Extracted data entries
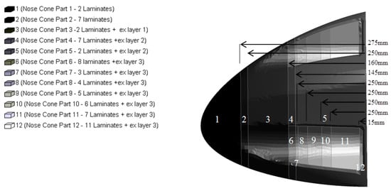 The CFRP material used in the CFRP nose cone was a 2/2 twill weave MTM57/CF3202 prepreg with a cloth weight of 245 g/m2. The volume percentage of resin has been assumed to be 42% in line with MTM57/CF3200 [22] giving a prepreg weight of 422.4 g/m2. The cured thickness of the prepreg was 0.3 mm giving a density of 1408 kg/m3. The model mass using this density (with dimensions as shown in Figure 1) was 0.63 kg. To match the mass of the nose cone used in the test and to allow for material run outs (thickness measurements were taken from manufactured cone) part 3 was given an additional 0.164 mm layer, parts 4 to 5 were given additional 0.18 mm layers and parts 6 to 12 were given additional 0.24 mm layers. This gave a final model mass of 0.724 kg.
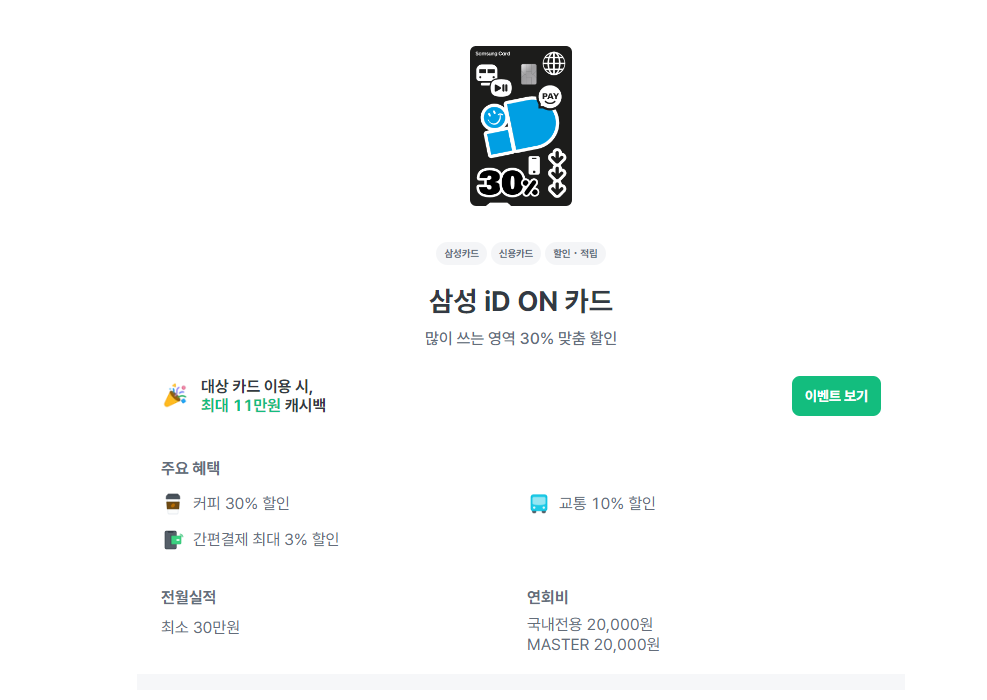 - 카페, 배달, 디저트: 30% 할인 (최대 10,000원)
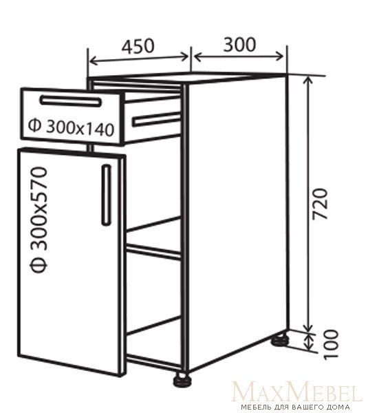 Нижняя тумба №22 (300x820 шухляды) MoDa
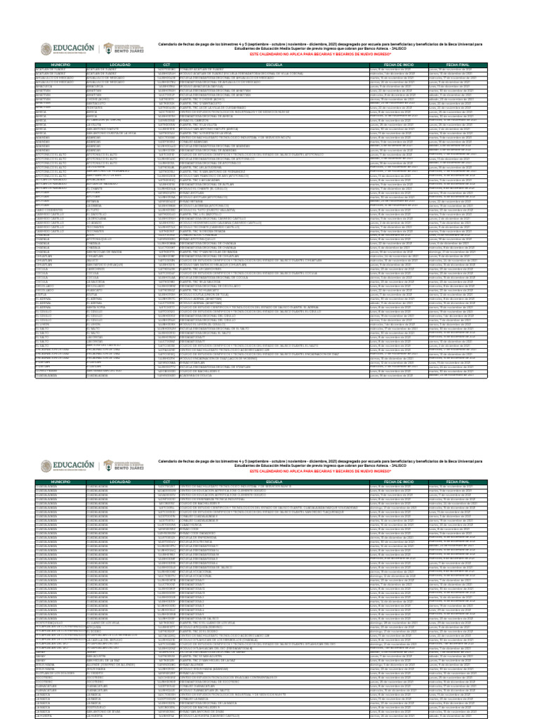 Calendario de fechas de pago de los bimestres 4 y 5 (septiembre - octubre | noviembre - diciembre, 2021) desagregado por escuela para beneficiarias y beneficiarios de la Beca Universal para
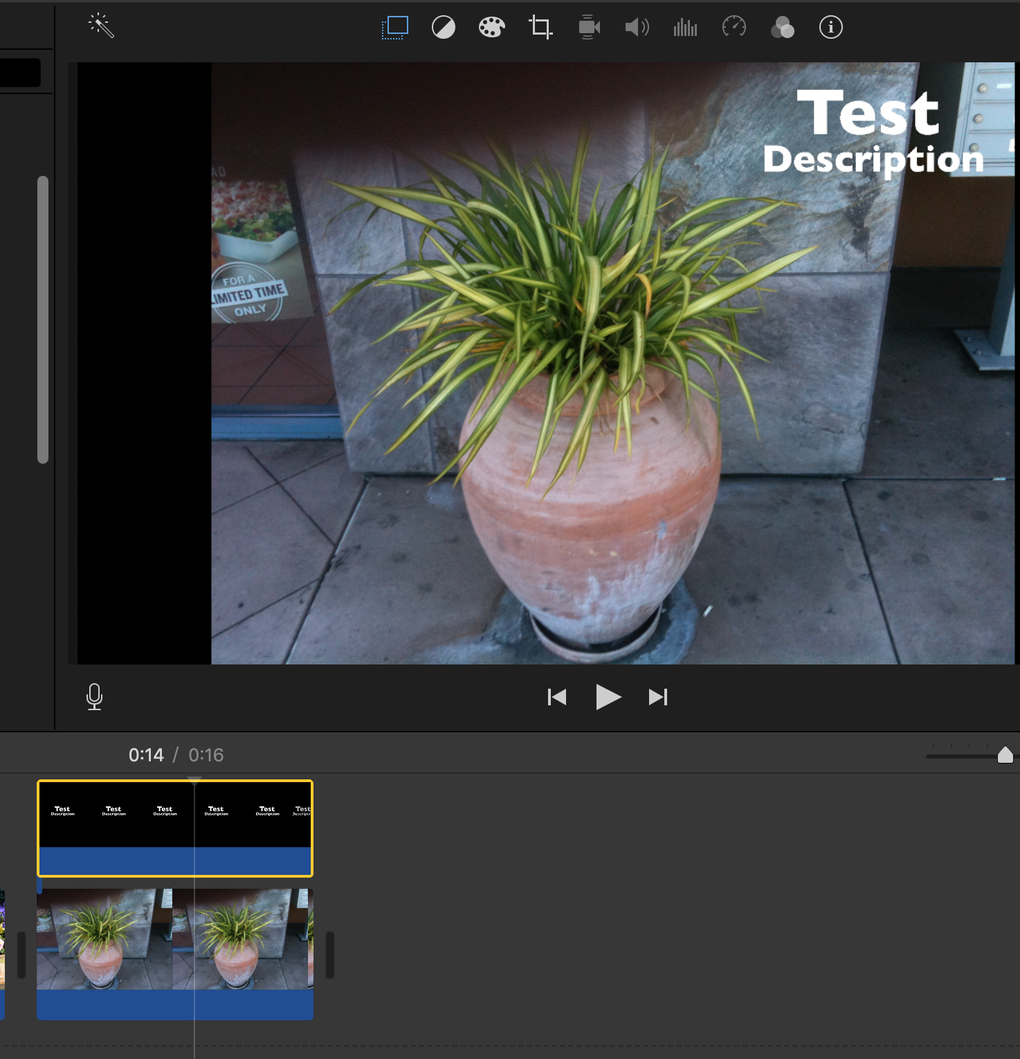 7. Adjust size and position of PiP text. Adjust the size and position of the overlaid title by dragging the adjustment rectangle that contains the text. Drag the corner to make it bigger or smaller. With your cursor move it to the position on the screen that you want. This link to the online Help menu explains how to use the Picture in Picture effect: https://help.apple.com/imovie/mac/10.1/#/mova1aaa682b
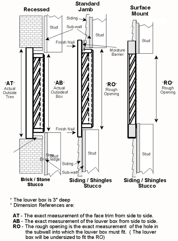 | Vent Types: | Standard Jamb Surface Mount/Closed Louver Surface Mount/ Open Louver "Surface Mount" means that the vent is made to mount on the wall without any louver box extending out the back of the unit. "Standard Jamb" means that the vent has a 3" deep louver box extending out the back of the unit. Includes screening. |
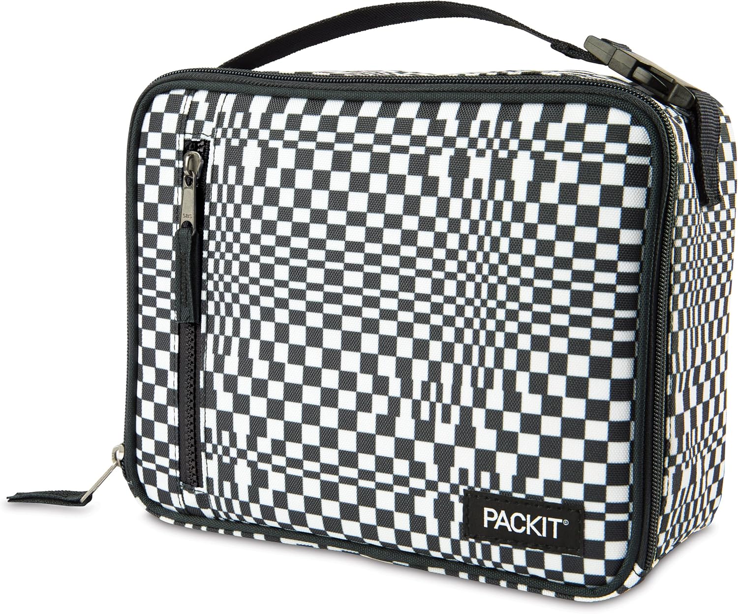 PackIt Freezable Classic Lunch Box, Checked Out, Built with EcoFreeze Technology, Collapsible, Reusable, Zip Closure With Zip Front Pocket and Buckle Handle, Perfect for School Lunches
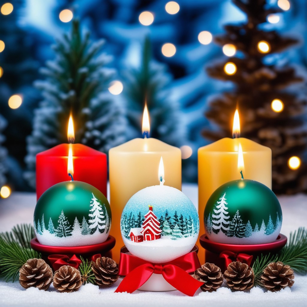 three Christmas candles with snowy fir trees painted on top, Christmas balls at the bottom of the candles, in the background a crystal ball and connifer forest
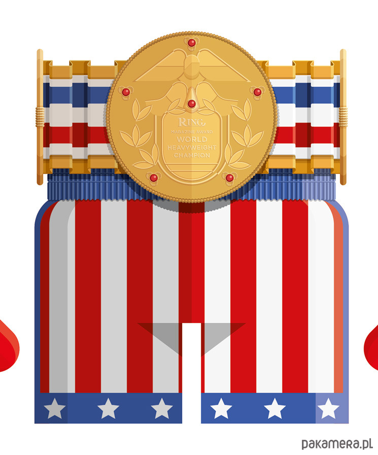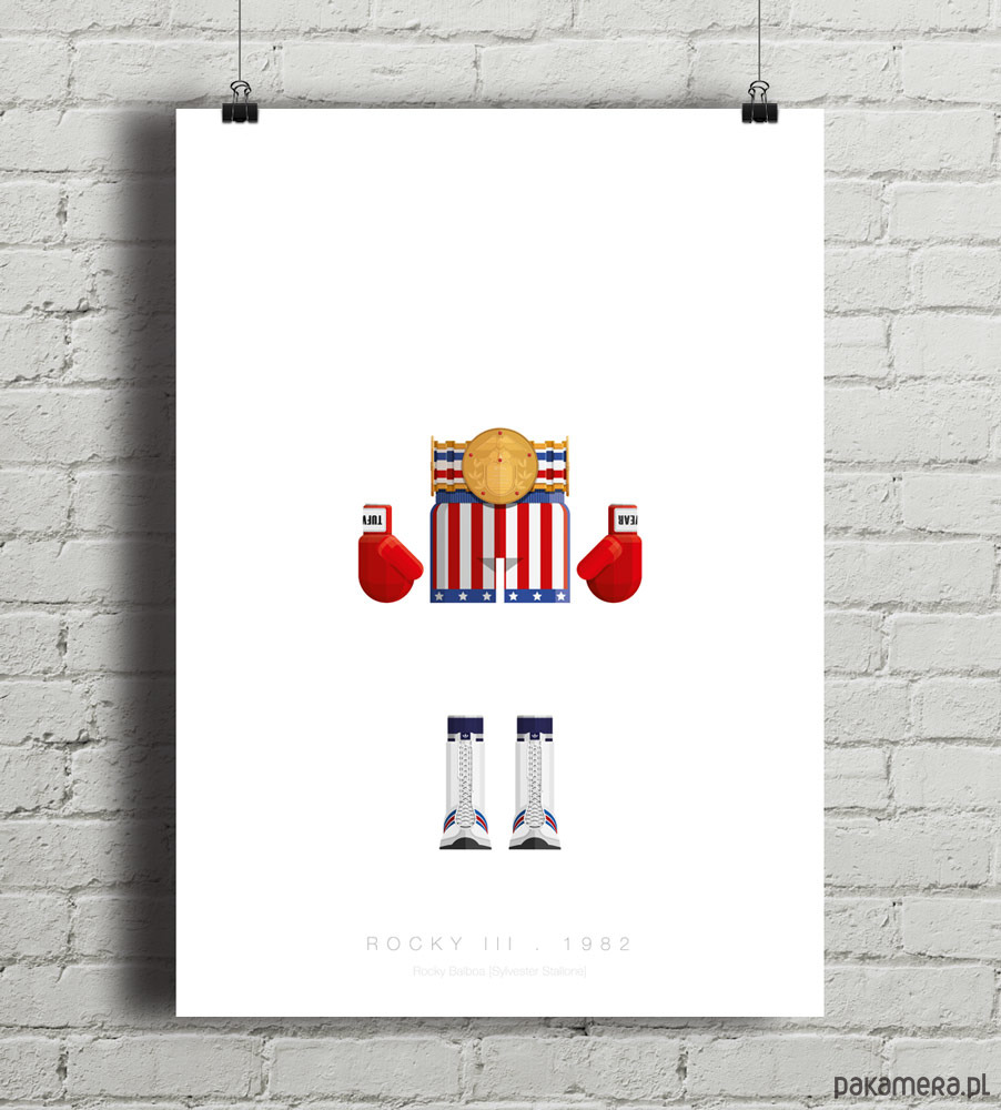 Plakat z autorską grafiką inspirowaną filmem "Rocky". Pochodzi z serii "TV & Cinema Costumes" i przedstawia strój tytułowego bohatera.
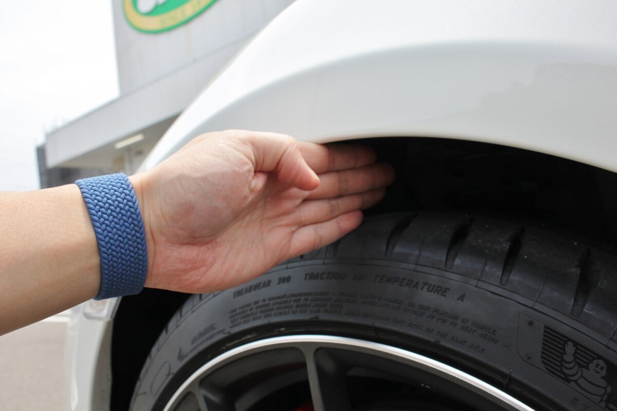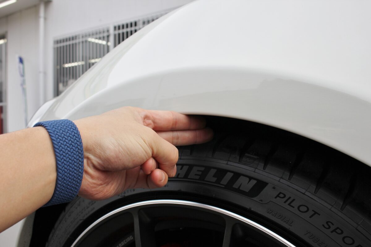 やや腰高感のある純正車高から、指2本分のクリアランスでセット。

DIRECTIONS FOR THIS TASK: The exact lines from the one containing "three Christmas candles" through the end of the data are to be copied, with both ends kept and pictures left out.

RESULT OF THIS TASK:
 three Christmas candles with snowy fir trees painted on top, Christmas balls at the bottom of the candles, in the background a crystal ball and connifer forest
 Plakat z autorską grafiką inspirowaną filmem "Rocky". Pochodzi z serii "TV & Cinema Costumes" i przedstawia strój tytułowego bohatera.
 やや腰高感のある純正車高から、指2本分のクリアランスでセット。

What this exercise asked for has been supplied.